After that I came across the free shooter Alliance of Valiant arms on Steam. This was today and it, just like League of Legends, has horrible connection when trying to join a server, or choose my inventory of weapons. This is where I figured I need to get some professional guidance, which this site seems to be really helpful.

I tried contacting my ISP (Shaw) and the guy I spoke to said that it's nothing to do with their end as he has the same router and can run battlefield 3 fine.

The reason I'm thinking it's a firewall is because when I tried a ping test to LA (League of Legends' server was hosted there) it said it couldn't continue cause of a firewall.. Now this computer is no older then 1-2 months and I haven't touched any firewall software online.

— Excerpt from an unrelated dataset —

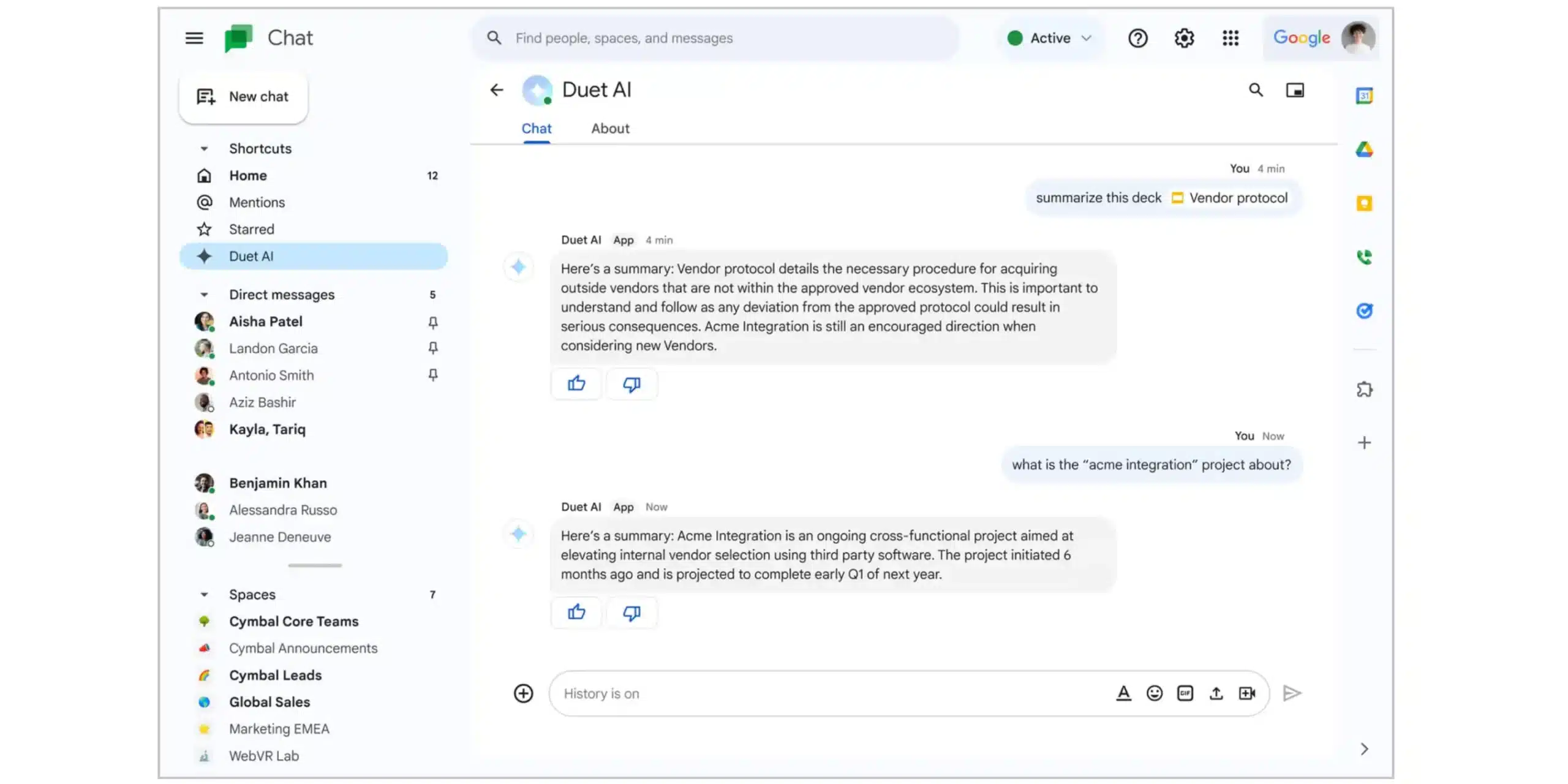 Uma das novidades mais empolgantes é a introdução do Google Chat Duet AI. Agora será possível conversar com o Duet AI, que se propõe a responder a “consultas complexas” pesquisando mensagens e arquivos no Gmail e Drive.

If anyone has any ideas please feel free to share.

Thanks in advance
Michael2666


----------



## Jason09 (Jan 3, 2009)

*Re: Disabled firewall still blocking certain connections?*

Hi and welcome to TSF!
What type of Internet connection do you have (cable, DSL etc.)?


----------



## Michael2666 (Nov 20, 2011)

*Re: Disabled firewall still blocking certain connections?*

I'm not really sure.. DSL sounds like it's correct. But it could be cable for all I know seeing as how there's a cable that goes into what looks like an old TV jack for cable in my wall. My ISP is shaw if that helps any


----------



## Jason09 (Jan 3, 2009)

*Re: Disabled firewall still blocking certain connections?*

Ok. Do a bandwidth test of your connection by going to Pcpitstop. Try both upload and download connections. Also, try a regular connection speedtest by going to Speedtest.net.


----------



## Michael2666 (Nov 20, 2011)

*Re: Disabled firewall still blocking certain connections?*

bandwidth test: 
*Last Result:*
Download Speed: *17852* kbps (2231.5 KB/sec transfer rate)
Upload Speed: *1929* kbps (241.1 KB/sec transfer rate)
Latency: *106* ms

speedtest:
http://www.speedtest.net/result/1619997153.png


----------



## Jason09 (Jan 3, 2009)

*Re: Disabled firewall still blocking certain connections?*

Hmm, those speeds are pretty good.
Have you tried power cycling your modem and router?


----------



## Michael2666 (Nov 20, 2011)

*Re: Disabled firewall still blocking certain connections?*

Not sure what that is. I think it might have something to do with p2p (peer2peer) and my ISPs shared network. Just throwing that out there.

How do I "power cycle"? 

Ps. My modem is my router


----------



## Michael2666 (Nov 20, 2011)

*Re: Disabled firewall still blocking certain connections?*

So I googled power cycliing. That's not at all the problem (though I've done it anyway) . Some games are perfectly fine online. Work without problems. But half of them at least that I've tried just have really really unstable connections. My friend just got banned for a week from a game because of the connection I have to that one game.. It's just ridiculous..


----------



## Jason09 (Jan 3, 2009)

*Re: Disabled firewall still blocking certain connections?*

What is the exact make and model of the router? Also, are you connected to the router via a wired or wireless connection?


----------



## Michael2666 (Nov 20, 2011)

*Re: Disabled firewall still blocking certain connections?*

It's a CISCO DPC3825 and wired.


----------



## Jason09 (Jan 3, 2009)

*Re: Disabled firewall still blocking certain connections?*

Do you have other devices connected to the router? If so, are they functioning fine or do they experience the same problem?


----------



## Michael2666 (Nov 20, 2011)

*Re: Disabled firewall still blocking certain connections?*

No devices unless you mean other computers. If that is what you meant, I tried on my moms laptop and it had the same problem.


----------



## Michael2666 (Nov 20, 2011)

*Re: Disabled firewall still blocking certain connections?*

Problem solved, switched isps. Thanks for the responses though.


----------